O ponto de decisão não é qual ferramenta calcula melhor 0,9% e 0,1%. Qualquer planilha calcula. O ponto é onde o valor destacado no documento e o valor apurado no período nascem.

Em um sistema de gestão generalista, sem tratamento nativo da tributação sobre bens e serviços, o destaque é produzido em um lugar e a apuração em outro. O grupo de IBS e CBS entra no XML por parametrização de emissão, e o acompanhamento do período vive em arquivo separado, alimentado por exportação e digitação. A reconciliação entre os dois passa a ser trabalho manual recorrente, e é ela, não o cálculo, que consome a equipe fiscal.

Quando emissão e apuração compartilham a mesma base, a apuração do período é a soma do que foi efetivamente transmitido, e não uma reconstrução. A conferência deixa de comparar dois universos e passa a verificar consistência dentro de um só: cada item apurado tem um documento autorizado correspondente, com CST, cClassTrib e valores idênticos aos do arquivo transmitido. Divergência de versão de tabela aparece na emissão, não na auditoria. O custo de manter sistemas separados para a mesma operação já foi tratado em gestão e comex em sistemas separados, e a fase de teste do IBS e da CBS adiciona a esse custo uma exposição a penalidade formal.

Para operações de importação, a exigência se soma ao que a nota fiscal de entrada já precisa reproduzir da declaração aduaneira, tema tratado em nota fiscal de importação. O mesmo item passa a carregar a classificação fiscal, os dados da importação e a classificação tributária do novo sistema, todos precisando permanecer coerentes entre si.

O que revisar agora

O ano de teste mede a capacidade de informar, não a de recolher. Enquanto o ambiente autorizador não devolver rejeição, a única evidência de conformidade é a conferência entre o que foi transmitido e o que foi apurado, feita item a item e com periodicidade menor que a do fechamento mensal.

Três verificações concentram o risco no restante de 2026: se o cadastro de produtos tem CST e cClassTrib atribuídos na versão vigente da tabela de classificação tributária; se os documentos autorizados desde 3 de agosto contêm efetivamente os grupos de IBS e CBS, o que exige leitura dos XMLs autorizados e não do relatório do emissor; e se a apuração do período é extraída dos documentos transmitidos ou reconstruída a partir de outra base. A terceira resposta determina se a empresa está apurando em paralelo ou apenas estimando em paralelo.

Insight

A alíquota de 2026 é simbólica, a obrigação acessória não é. Uma única informação omitida em uma operação de importação custa mais do que todo o IBS e a CBS destacados no documento, e o ambiente autorizador deixou de avisar quando ela falta.


FAQ

Preciso recolher IBS e CBS em 2026?

Não. O art. 348, § 1º, da LC 214/2025 dispensa o recolhimento do IBS e da CBS em 2026 para o contribuinte que cumprir as obrigações acessórias previstas na legislação. PIS e Cofins continuam devidos integralmente no mesmo período, conforme o § 2º do mesmo artigo.

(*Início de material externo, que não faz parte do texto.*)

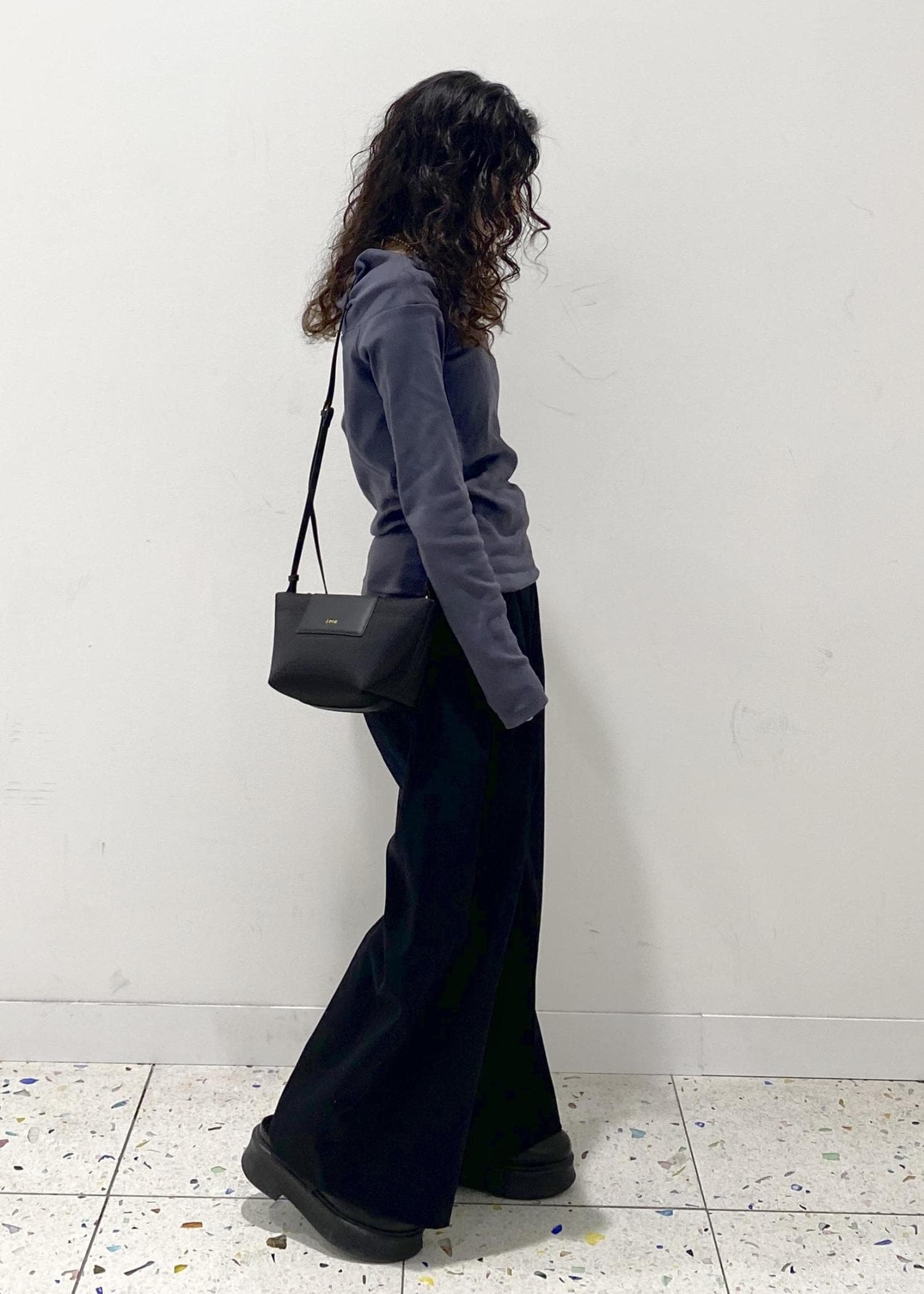 程よいフィット感で、体のラインは出にくいデザインです。 -

A nota fiscal é rejeitada se eu não informar IBS e CBS?

Não neste momento. O Ato Técnico Conjunto CGIBS/RFB nº 1, de 31 de julho de 2026, adiou as regras de validação que rejeitariam documentos sem essas informações, e a versão 1.51 da Nota Técnica 2025.002 passou a indicar implementação futura. A obrigação de informar permanece, e a ausência dos campos sujeita o contribuinte a penalidade.

Desde quando o destaque de IBS e CBS é obrigatório na NF-e?

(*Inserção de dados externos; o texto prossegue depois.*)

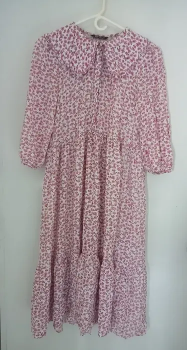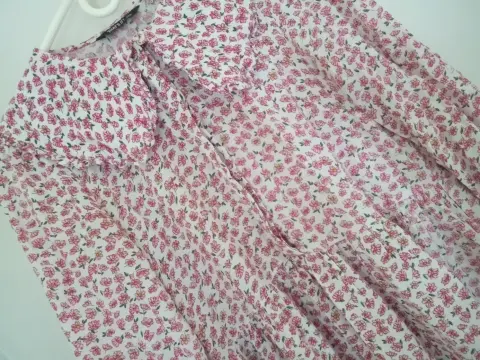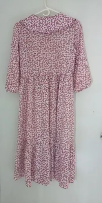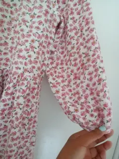 Maxivestido blanco con flores rosa 🛍️. Largo hermoso suelto manga abullonada fresco con cuello de olanes muy combinable queda CH m porque es suelto si te gusta esta prendita sigueme y ve a mi closet hay más cosas lindas♥️🏩🛍️

Desde 3 de agosto de 2026, conforme o cronograma do Ato Conjunto RFB/CGIBS nº 4, de 30 de julho de 2026. O prazo de não aplicação de penalidades pela ausência dos campos, previsto no Ato Conjunto RFB/CGIBS nº 1, de 22 de dezembro de 2025, encerrou-se em 1º de agosto de 2026.

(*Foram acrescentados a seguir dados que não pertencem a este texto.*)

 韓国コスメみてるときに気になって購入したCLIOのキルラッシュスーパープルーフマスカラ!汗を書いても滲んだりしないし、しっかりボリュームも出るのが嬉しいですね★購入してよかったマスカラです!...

Qual a multa por não destacar IBS e CBS na nota fiscal?

A LC 214/2025, na redação da LC 227/2026, prevê no art. 341-G, XIX, multa de 100 UPF por informação omitida ou inexata em operações de importação e exportação, limitada a 1% do valor da operação, com piso de 50 UPF. Com a UPF em R$ 200,00, o piso equivale a R$ 10.000,00.

Posso controlar a apuração de IBS e CBS em planilha durante o ano de teste?

A planilha calcula os valores, mas não reconcilia o que foi efetivamente transmitido nos documentos fiscais, que é a base da apuração assistida montada pela administração tributária. Sem comparação por chave de acesso e número de item, a divergência entre o controle interno e o XML autorizado permanece invisível.